Ramazan ayında çektiğimiz sıkıntılardan bir tanesi de güya oruç tutmamayı din ve vicdan özgürlüğü kapsamında değerlendirerek, açıktan oruç yiyen insanların varlığıdır. Bazı insanlar “Bana ne kardeşim, oruç tutuyorsa bana mı tutuyor?” kabilinden düşünceler ile açıktan oruç yemenin özgürlük değil, oruç tutanlara saygısızlık olduğunu anlayamıyorlar veya anlamak istemiyorlar. Tabiki de oruç tutmayan insanların, varsa böyle bir olay oruç tutmadığı sebebiyele darp edilmesi tasvip edilebilecek bir durum değildir. Böyle insanlar kendi saygısılığının içinde boğulmaya terk edilmelidir.
Sevgili okuyucularım!
Ramazan ayı, başta İslam âlemi olmak üzere bütün insanlığın üzerine, yüce Rabbimizin rahmetinin sağnak sağnak yağdığı mübarek bir aydır. Ramazan ayı, insanlığı “karanlıklardan aydınlığa çıkaran” yüce kitabımız Kur’an’ı Kerim’in inmeye başladığı aydır. Ramazan ayı, bizleri kötülük ve fenalıklardan koruyacak ve kötülüklerin önünde kalkan olacak farz orucun tutulduğu aydır. Ramazan ayı, hayır ve hasenatlarımızı çoğaltacağımız, sadaka ve zekâtlarımızla toplumsal barışa hizmet edeceğimiz aydır. Ramazan ayı, toplumun barışı ve huzuru için, rabbimizin izniyle büyük adımlar atabileceğimiz mübarek bir aydır. Ramazan ayı, içinde “bin aydan daha hayırlı” olan Kadir gecesini barındıran bir aydır.
Hülasa;
Ramazan ayı, İslam âleminin her yıl dört gözle beklediği, geldiğinde de büyük heyecan ve haz duyduğu müstesna bir zaman dilimidir. Ramazan ayı da bizleri özlüyor olmalı ki, her yıl bir önceki yıla göre on gün önce gelir.

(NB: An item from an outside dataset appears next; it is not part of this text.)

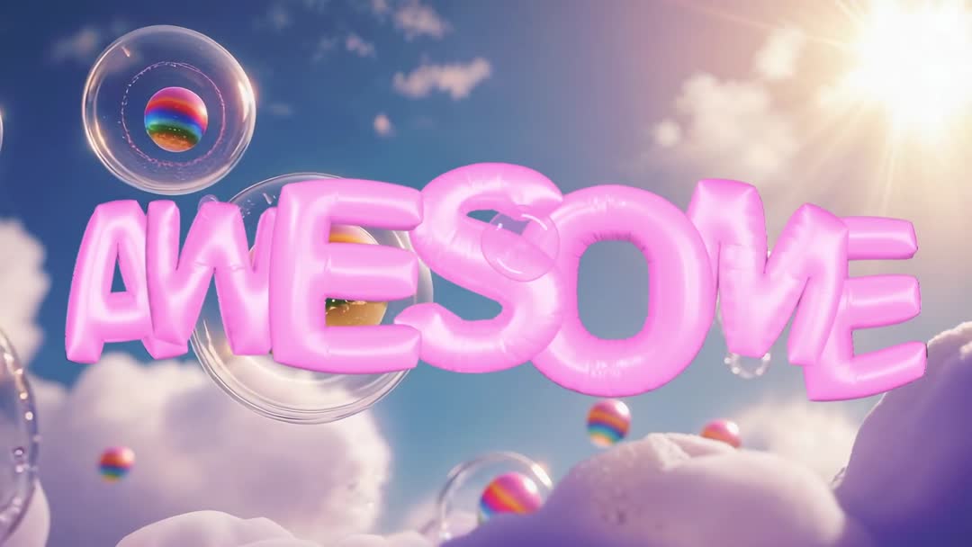 AI Generated Video. 3D glossy pink letters form the word 'AWESOME', appearing whimsical as they float among cotton-like clouds under a clear sky lit by the sun. Rainbow bubbles surrounding the letters add a surreal and magical environment enhanced with cheerfulness and creativity. This vibrant design blends a sense of imagination and positivity, beautifully creating an impactful statement on dreams and aspirations. Perfect for motivational artwork, decorative posters, inspirational quotes, and visionary projects emphasizing creativity and optimism.

İsterseniz yazımızı, oruç ibadetini bizlere özetleyen bir ayet ve hadisi şerif ile nihayetlendirelim. Şöyle buyuruyor yüce rabbimiz:
“Ey iman edenler! Sizden öncekilere farz kılındığı gibi, (fenalıklardan) sakınırsınız diye oruç sizin üzerinize de farz kılındı.” (Bakara 183)
Peygamberimiz (sav) de, oruç ibadetinin ruhunu bizlere anlatmak adına şöyle buyuruyor:
“Kim yalan söylemeyi, yalanla iş görmeyi ve cehâleti terk etmezse, Allah’ın, onun yemesini ve içmesini bırakmasına (oruç tutmasına) ihtiyacı yoktur.” (Buhari Had. No: 1903)
Hayırlı ve bereketli Ramazanlar dileyerek, sevgi, saygı ve muhabbetlerimi sunuyorum.